[英]Pandas dataframe - Sum a column wrt to values in another column
I have a data that looks like this :- 我有一个看起来像这样的数据:
data = {"doc1" : {'a': 2 , 'b': 1,'c':3}, "doc2" : {'a': 1 , 'b': 1,'c':3}, "doc3" : {'a': 1 , 'b': 1,'c':3}}
I convert it into a dataframe :- 我将其转换为数据框:-
df = pd.DataFrame.from_dict(data,orient='index')

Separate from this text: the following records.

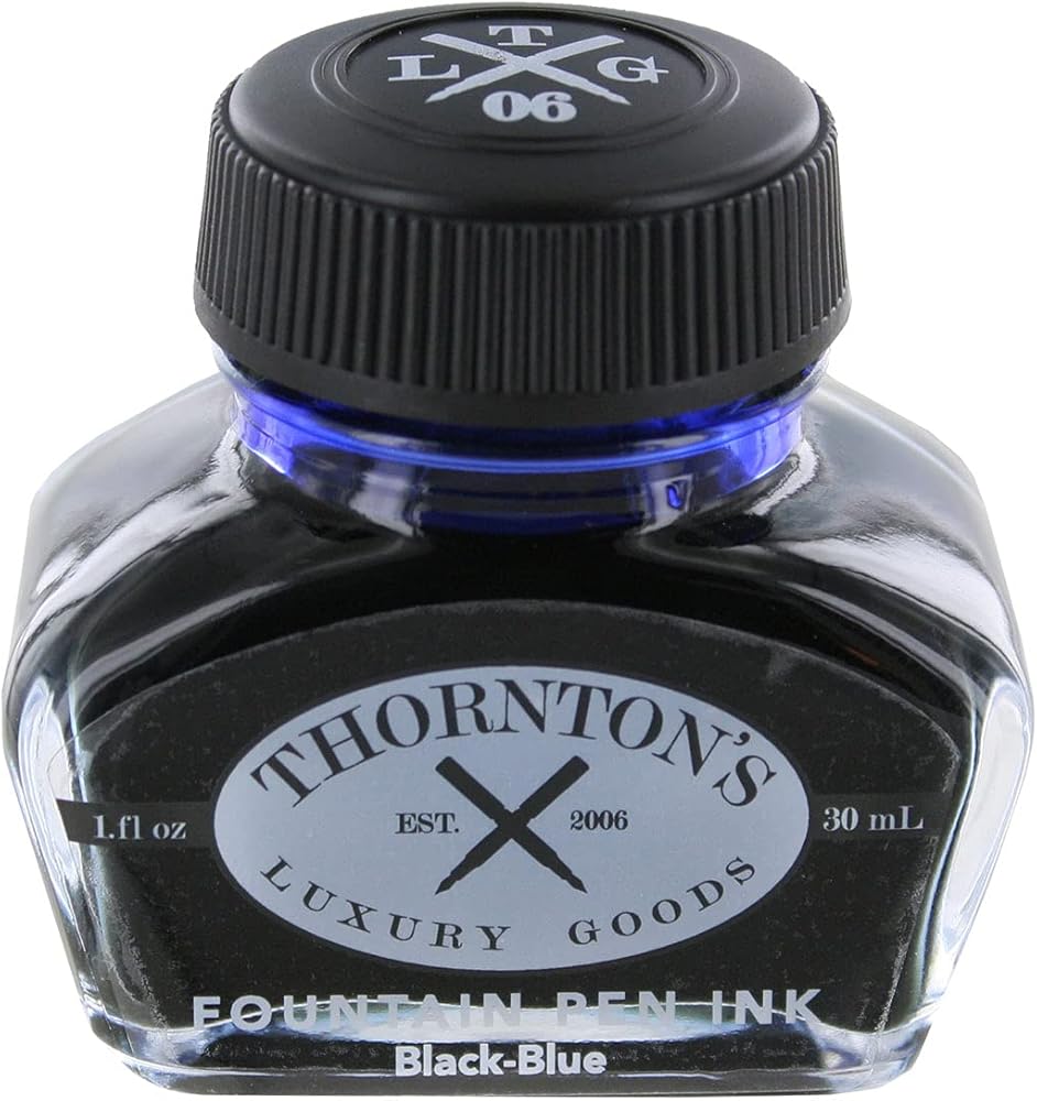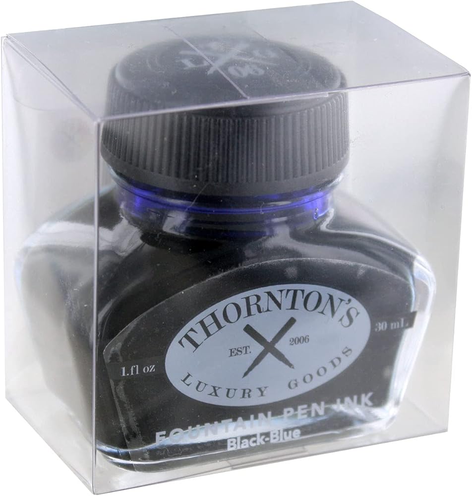 زجاجة حبر قلم حبر فاخر من Thornton's Luxury Goods 30 مل | كتابة سلسة خالية من العيوب | مناسب لجميع العلامات التجارية وأقلام الخط | اللوازم المكتبية (أسود-أزرق)
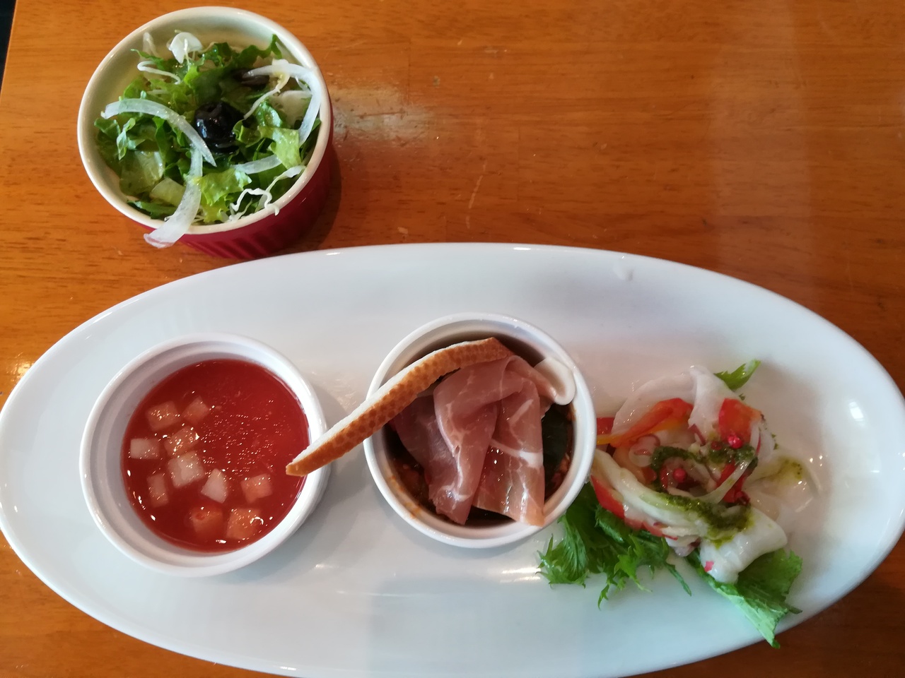 ランチに利用させて頂きました。ランチセットを注文させて頂きました。価格、味、量ともに大満足でした。トマトとにんにくのパスタ、タコのマリネ、トマトの冷製スープが美味しかったです。ランチ時ということもあり、店内もお客様が一杯でした。
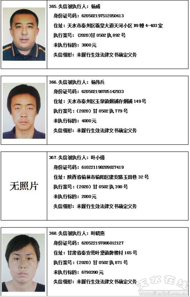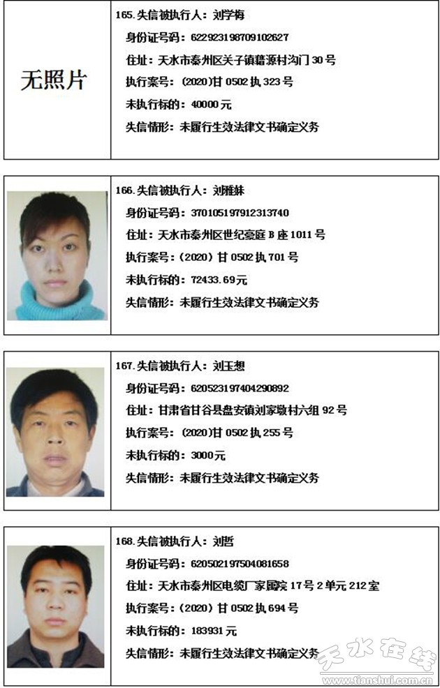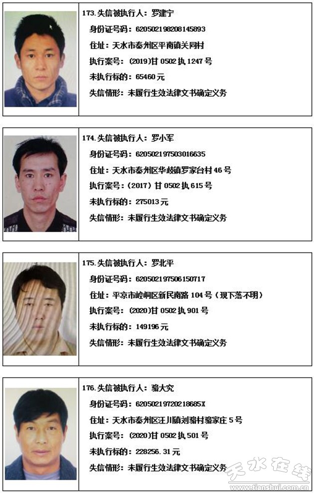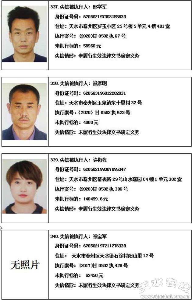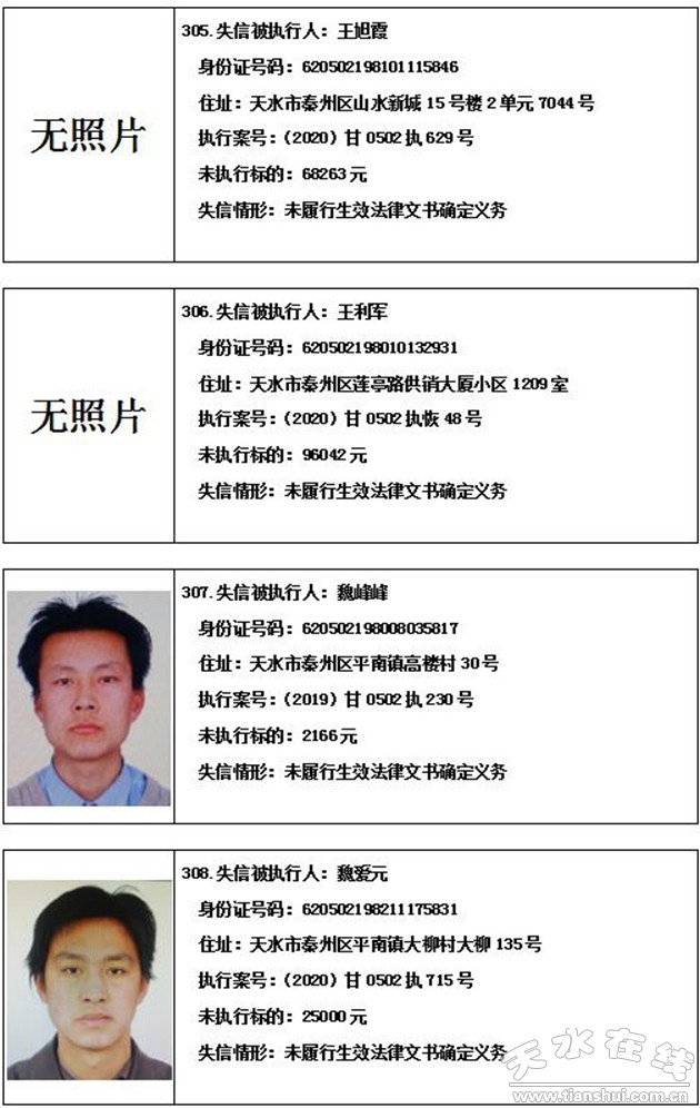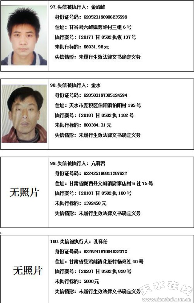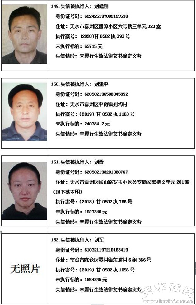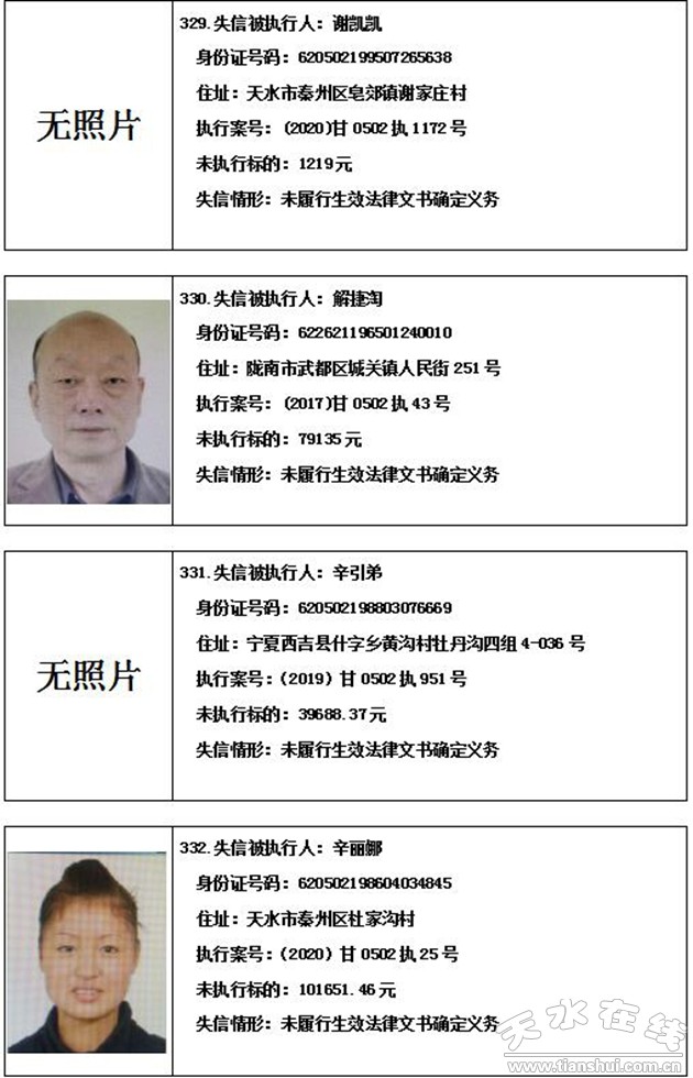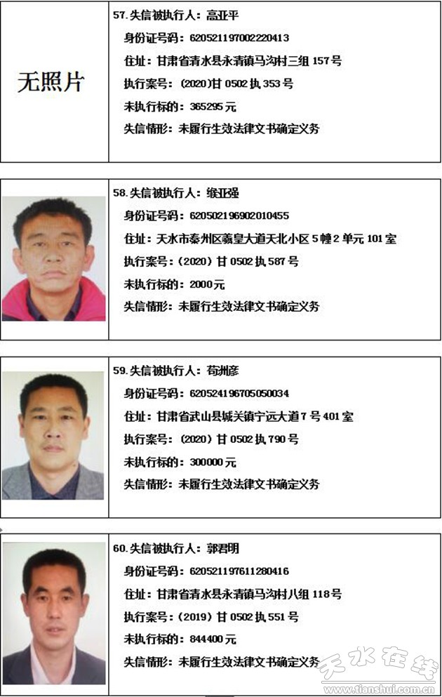 為進(jìn)一步制裁規(guī)避執(zhí)行行為,保障勝訴當(dāng)事人的合法權(quán)益,推進(jìn)社會誠信體系建設(shè),依照《中華人民共和國民事訴訟法》、《最高人民法院關(guān)于公布失信被執(zhí)行人名單信息的若干規(guī)定》等法律、司法解釋的有關(guān)規(guī)定,現(xiàn)對一批已進(jìn)入執(zhí)行程序,且尚未全部履行義務(wù)的被執(zhí)行人進(jìn)行媒體曝光,并敦促所有被執(zhí)行人自覺履行生效法律文書確定的義務(wù),通告如下:
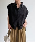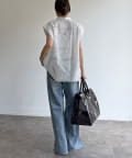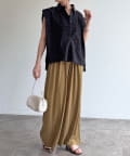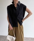 肩先を少し纏うデザインになっており、ノースリーブながらも
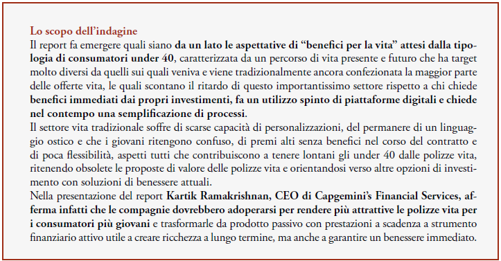 - reinventare i prodotti come soluzioni. Le compagnie assicurative possono offrire ciò che i concorrenti non hanno: soluzioni finanziarie integrate che combinano protezione, accumulo di ricchezza ed efficienza fiscale e che gli under 40 apprezzano sempre più rispetto a offerte frammentarie
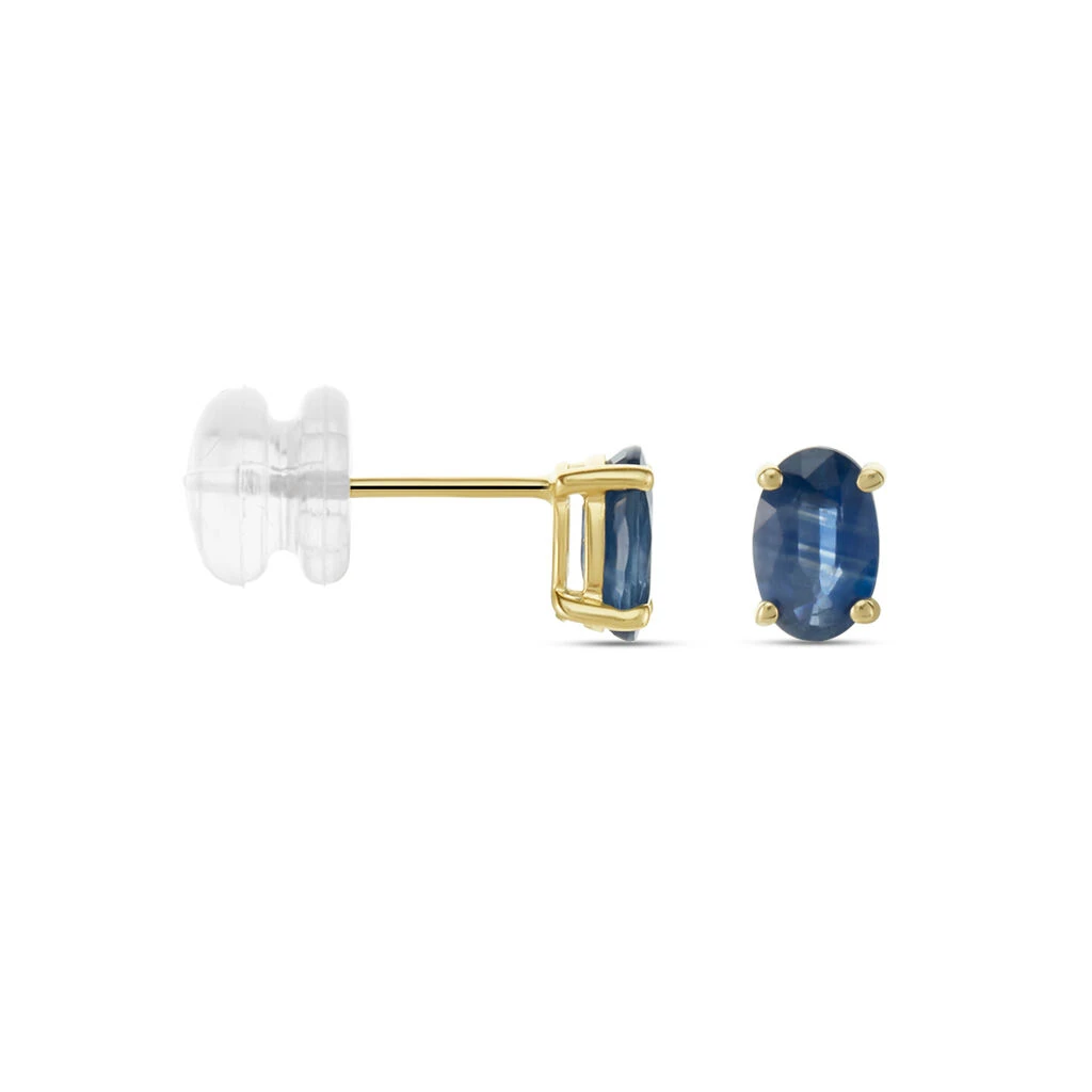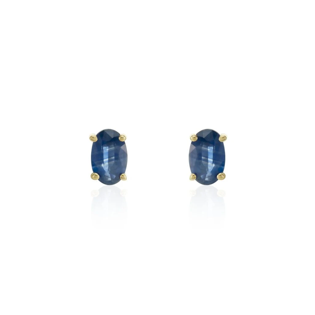 Boucles D’oreilles Puces Or Jaune 375/1000 Saphir Oval Serti Griffes 1.18ct
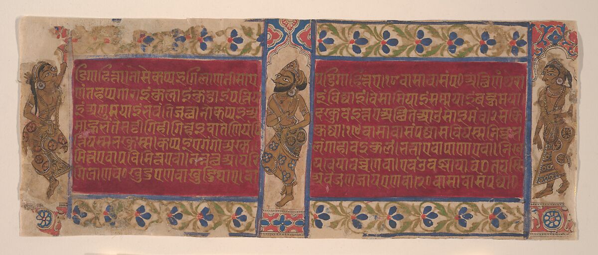 In Jain cosmology, Shakra's heaven is a blissful place where the jinas reside for eternity. It is populated by celestial dancers, seen here as beautiful maidens sensuously poised in the text margins. On the lower folio a male dancer accompanies the female dancers. These scenes are echoed in the textual descriptions of the Kalpasutra celebrating the jina Mahavira. The manuscript displays innovative use of red, blue, and green marginal designs that anticipate sixteenth-century styles and a lavish use of gold script on a red ground.
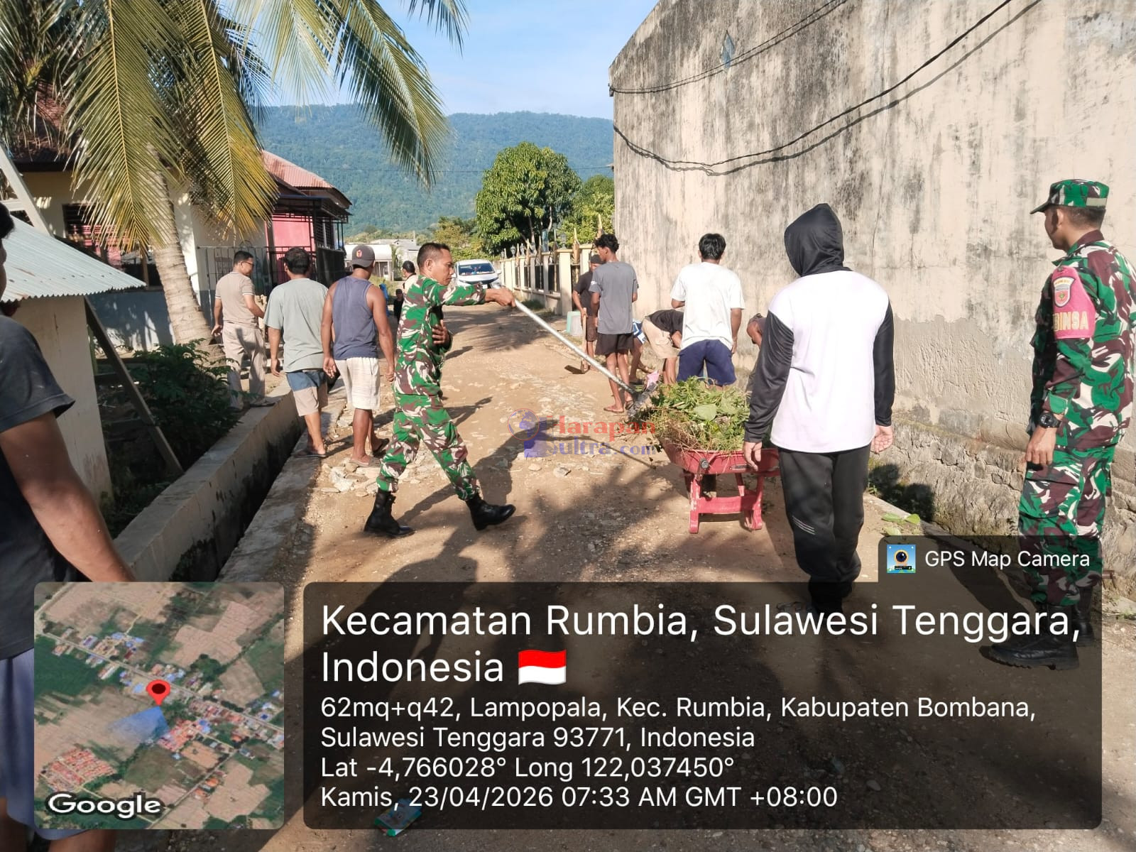 Bombana, Harapansultra.com — Kepedulian terhadap lingkungan kembali ditunjukkan Babinsa Koramil 1431-01/Rumbia bersama warga Kelurahan Lampopala dengan menggelar kerja bakti pembersihan drainase, Kamis (23/4/2026). Kegiatan ini menjadi langkah nyata dalam mengantisipasi potensi banjir sekaligus menjaga kebersihan lingkungan di Kecamatan Rumbia, Kabupaten Bombana.
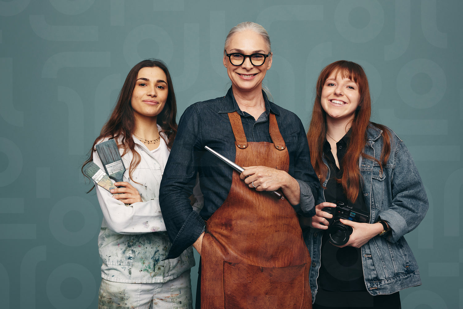 Women from different creative professions standing together in their occupational attires. Three female professionals smiling at the camera while standing against a studio background.
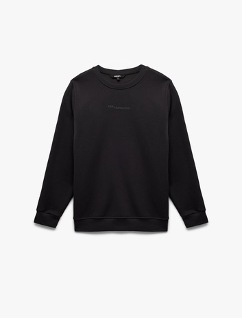 Yazı Baskılı Sweatshirt Bisiklet Yaka
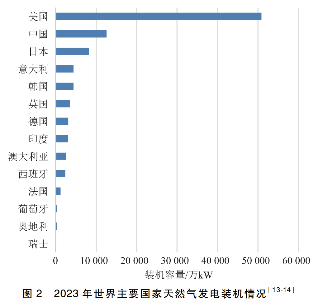 截至2023年底,中國、美國、日本、意大利等主要國家的天然氣發(fā)電裝機(jī)容量如圖2所示[13-14]。其中,奧地利、葡萄牙、法國、西班牙、德國、意大利的燃?xì)獍l(fā)電裝機(jī)容量根據(jù)天然氣發(fā)電量估算。
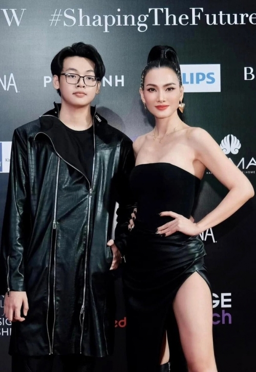 Anh Thư và con trai. |

Dataframe looks like this :- 数据框看起来像这样:-
acb doc1 2 3 1 doc2 1 3 1 doc3 1 3 1
Now I want to sum all the values in column b where column a values is 1. 现在,我想对b列中的所有值求和,其中a列的值为1。
So the value I want will be 2. 所以我想要的值是2。
Is there an easy way to do this rather than iterating through both the columns ? 有没有简单的方法可以做到这一点,而不是遍历这两列? I checked other posts and found this :-
我检查了其他帖子,发现了这一点 :
This makes use of .loc function. 这利用了.loc函数。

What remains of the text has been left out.